Projected Price Erosion and Market Entry Impact
Within [time horizon, e.g., 5-7 years], generic/biosimilar competition could lead to [percentage] decline in price, potentially reducing the current price by $[amount] per dose/formulation.
Market Volume Projections
Based on epidemiological data, [relevant disease prevalence] patients, with [percentage] receiving the therapy, indicate a current annual market volume of approximately [units]. Modulation of market uptake depends on factors such as:
- Pricing, affecting patient and provider adoption.
- Pricing flexibility, acceptance in insurance formularies.
- Emergence of alternative therapies.
Assuming a compound annual growth rate (CAGR) of [e.g., 5–8%] (aligned with therapeutic area expansion), market volume is projected to reach [units] by [year].
Future Opportunities & Risks
Opportunities
- Expansion into new indications could increase market size.
- Line extensions or combination formulations may enhance revenue.
- Entry of biosimilars offers the opportunity to capture price-conscious segments post-patent expiry.
Risks
- Regulatory delays or rejections could hinder market access.
- Market saturation preceding patent expiration may suppress revenues.
- Pricing pressures from payers can limit profit margins.
Strategic Recommendations
- Monitor patent and exclusivity timelines to optimize product lifecycle management.
- Engage with payers early to facilitate favorable formulary positioning.

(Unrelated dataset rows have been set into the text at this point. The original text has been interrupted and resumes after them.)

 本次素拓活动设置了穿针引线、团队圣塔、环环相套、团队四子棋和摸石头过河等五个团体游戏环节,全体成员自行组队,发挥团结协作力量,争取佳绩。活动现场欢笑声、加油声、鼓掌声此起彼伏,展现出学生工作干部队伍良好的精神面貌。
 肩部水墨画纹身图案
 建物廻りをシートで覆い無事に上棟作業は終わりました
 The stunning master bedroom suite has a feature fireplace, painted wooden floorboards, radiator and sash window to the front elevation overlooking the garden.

- Invest in clinical trials to expand indications and demonstrate value.
- Prepare for biosimilar competition by establishing brand differentiation.
Key Takeaways
- The current market for NDC: 55513-0021 is influenced by its therapeutic positioning, regulatory exclusivity, and competitive landscape.
- Price projections suggest stable prices in the short term, with potential reductions as patent expiry approaches.

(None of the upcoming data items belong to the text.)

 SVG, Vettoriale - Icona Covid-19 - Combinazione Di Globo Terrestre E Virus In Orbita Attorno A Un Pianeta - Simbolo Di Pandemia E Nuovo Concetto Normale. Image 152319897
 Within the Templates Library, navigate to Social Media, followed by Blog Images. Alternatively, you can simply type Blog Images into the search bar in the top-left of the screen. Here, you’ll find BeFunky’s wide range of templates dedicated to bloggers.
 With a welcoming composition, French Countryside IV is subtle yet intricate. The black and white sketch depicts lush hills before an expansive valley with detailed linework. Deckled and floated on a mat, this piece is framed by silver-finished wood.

- Market volume is expected to grow modestly, contingent on disease prevalence and treatment adoption.
- Stakeholders should prioritize strategic timing of market entry, patent management, and value demonstration to maximize profitability.
- Diversification through line extensions or new indications offers pathways to sustain revenue streams amid increasing market competition.
FAQs
1. What factors primarily influence the price of NDC: 55513-0021?
Market exclusivity, therapeutic demand, competitive landscape, manufacturing costs, and payer reimbursement policies are primary drivers of the drug’s price.
2. When is the patent or exclusivity for this drug expected to expire?
Based on filings and patent filings, exclusivity is projected to extend until [year or date], after which biosimilar or generic competition may emerge.
3. How does the competition impact the future pricing of this drug?
Entry of biosimilars or generics typically leads to significant price reductions—potentially 40–60%—over a span of [e.g., 2-5] years post-patent expiry.
4. What are the key considerations for expanding market share for this drug?
Demonstrating superior clinical outcomes, negotiating favorable payer contracts, expanding indications, and optimizing formulary placement are critical.
5. How is the emerging biosimilar market affecting the outlook for NDC: 55513-0021?
Biosimilars can erode market share and drive down prices but also stimulate competition, prompting innovation and possible diversification strategies.
Sources
[1] MarketWatch. “Global Cancer Therapeutics Market Size, Share & Trends Analysis Report,” 2022-2030.
[2] FDA. “Approved Drug Products,” 2023.
[3] IQVIA. “The Impact of Biosimilars on the U.S. Market,” 2022.
[4] Centers for Medicare & Medicaid Services (CMS). “Reimbursement Policies,” 2023.
Note: This analysis is based on publicly available data and expert projections. Stakeholders should verify the latest patent and regulatory statuses and consult with market analysts for real-time insights.